RECORDED DATA:
===
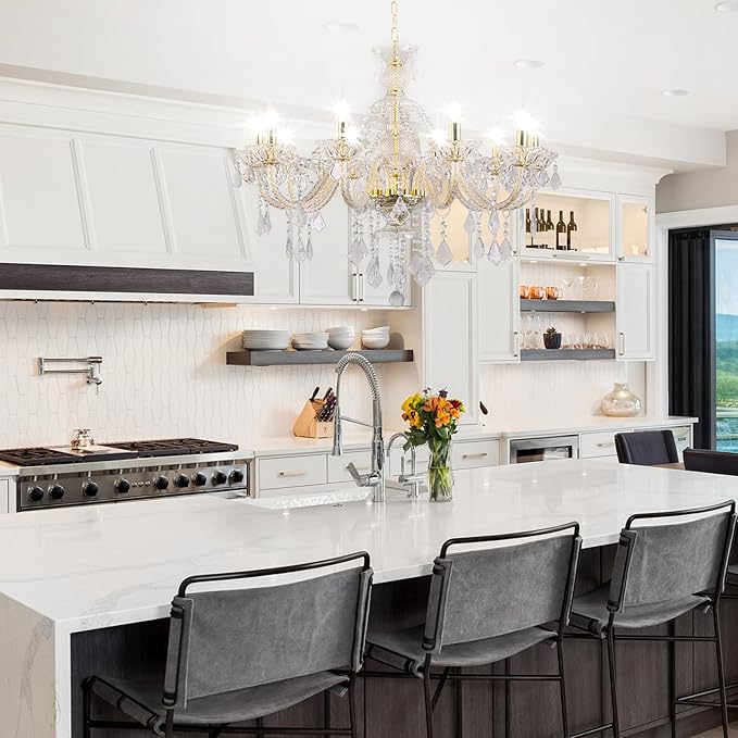 10-Light Crystal Chandelier Clear K9 Crystal Luxury Ceiling Light Fixture Flush Mount Pendant Lighting for Living Room Dining Room Bedroom Kitchen Hallway Entryway
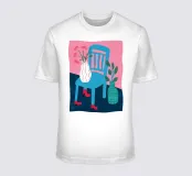 Un'affascinante ed eccentrica natura morta con una pianta in vaso appoggiata su una sedia blu brillante. La composizione è semplice ma piena di carattere, con colori vivaci e uno stile giocoso.
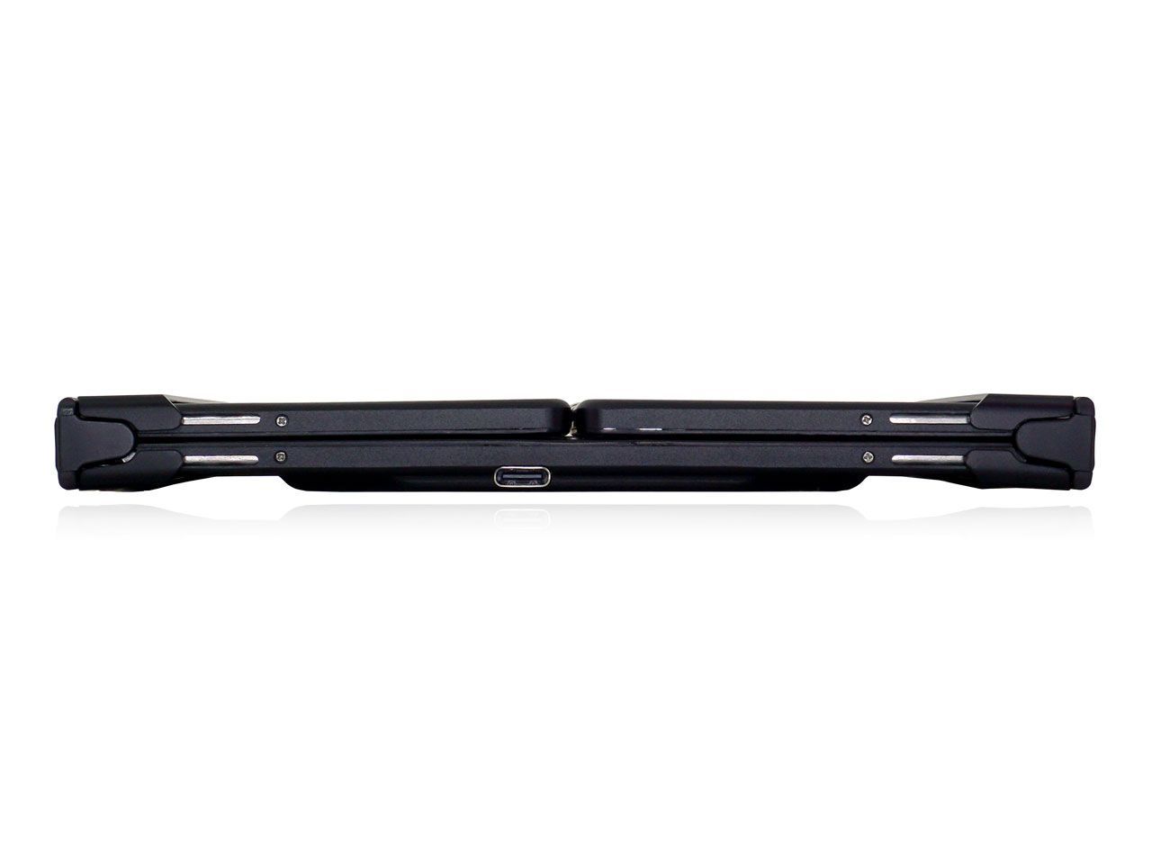 3つ折り構造で、2つ折り型のようにスペースキーが2つに分かれたりキーサイズが極端に崩れたりしない。キースイッチタイプはパンタグラフ。
===
ASSIGNMENT: All of the material must be repeated exactly in the answer, apart from the pictures.

EXERCISE RESULT:
 10-Light Crystal Chandelier Clear K9 Crystal Luxury Ceiling Light Fixture Flush Mount Pendant Lighting for Living Room Dining Room Bedroom Kitchen Hallway Entryway
 Un'affascinante ed eccentrica natura morta con una pianta in vaso appoggiata su una sedia blu brillante. La composizione è semplice ma piena di carattere, con colori vivaci e uno stile giocoso.
 3つ折り構造で、2つ折り型のようにスペースキーが2つに分かれたりキーサイズが極端に崩れたりしない。キースイッチタイプはパンタグラフ。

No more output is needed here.